AI filters extend the same BroadcastFilter mechanism used by Atmosphere’s core, specialized for the AI streaming wire protocol. The base class AiStreamBroadcastFilter (in org.atmosphere.ai.filter) handles RawMessage unwrapping, JSON parsing via AiStreamMessage, and re-wrapping automatically. Subclasses only implement filterAiMessage().

AiStreamBroadcastFilter

This abstract class implements BroadcastFilterLifecycle. Its filter() method:

Checks if the message is a RawMessage wrapping a JSON string.
Parses it into an AiStreamMessage (which has fields: type, data, sessionId, seq, etc.).
Delegates to the abstract filterAiMessage() method.
Non-AI messages pass through unchanged.

public abstract class AiStreamBroadcastFilter implements BroadcastFilterLifecycle {

    protected abstract BroadcastAction filterAiMessage(
            String broadcasterId, AiStreamMessage msg,
            String originalJson, RawMessage rawMessage);
}

Subclasses return one of:

new BroadcastAction(rawMessage) — pass through unchanged.
new BroadcastAction(new RawMessage(modified.toJson())) — pass through modified.
new BroadcastAction(ACTION.ABORT, rawMessage) — drop the message.
new BroadcastAction(ACTION.SKIP, rawMessage) — stop filter chain, deliver as-is.

PiiRedactionFilter

Detects and redacts personally identifiable information from AI-generated text streams. Since streaming texts arrive one or a few words at a time, the filter buffers streaming texts per session until a sentence boundary (., !, ?, or newline) is detected.

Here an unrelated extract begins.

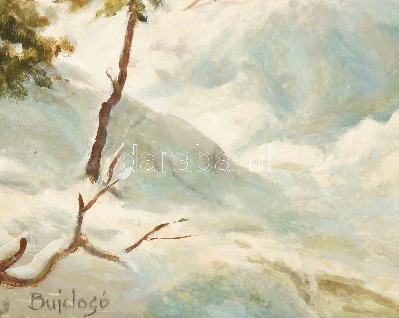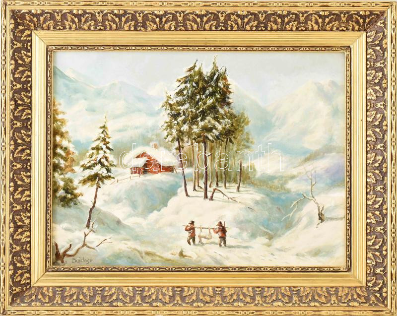 Bujdosó Dénes (1932-): Téli vadászat. Olaj, farost, jelzett. Dekoratív fakeretben. 30×40 cm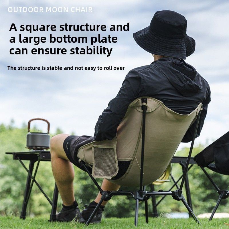 Outdoor Foldable Moon Chair Camping Picnic Backrest Chair Self-Driving BBQ Portable Chair High-Low Dual-Use Leisure Chair

At that point it scans the buffered sentence, redacts matches, and emits the cleaned text.

Default patterns:

Pattern	What it matches
`email`	Standard email addresses
`us-phone`	US phone numbers (10+ digits, various formats)
`ssn`	US Social Security Numbers (NNN-NN-NNNN)
`credit-card`	Credit card numbers (13-19 digits with optional separators)

Usage:

broadcaster.getBroadcasterConfig().addFilter(new PiiRedactionFilter());

With a custom replacement string:

broadcaster.getBroadcasterConfig().addFilter(new PiiRedactionFilter("***"));

Adding custom patterns:

var filter = new PiiRedactionFilter();
filter.addPattern("uk-nino", Pattern.compile("[A-Z]{2}\\d{6}[A-Z]"));
broadcaster.getBroadcasterConfig().addFilter(filter);

Removing a default pattern:

filter.removePattern("credit-card");

On stream completion, any remaining buffered text is flushed with redaction applied. The filter uses a deferred broadcast on a virtual thread to emit the flushed streaming text before the terminal complete message.

ContentSafetyFilter

Scans AI-generated content for harmful patterns and blocks or replaces unsafe content mid-stream. Like PiiRedactionFilter, it buffers streaming texts into sentence-sized chunks for context-aware scanning. A pluggable SafetyChecker interface allows custom safety logic.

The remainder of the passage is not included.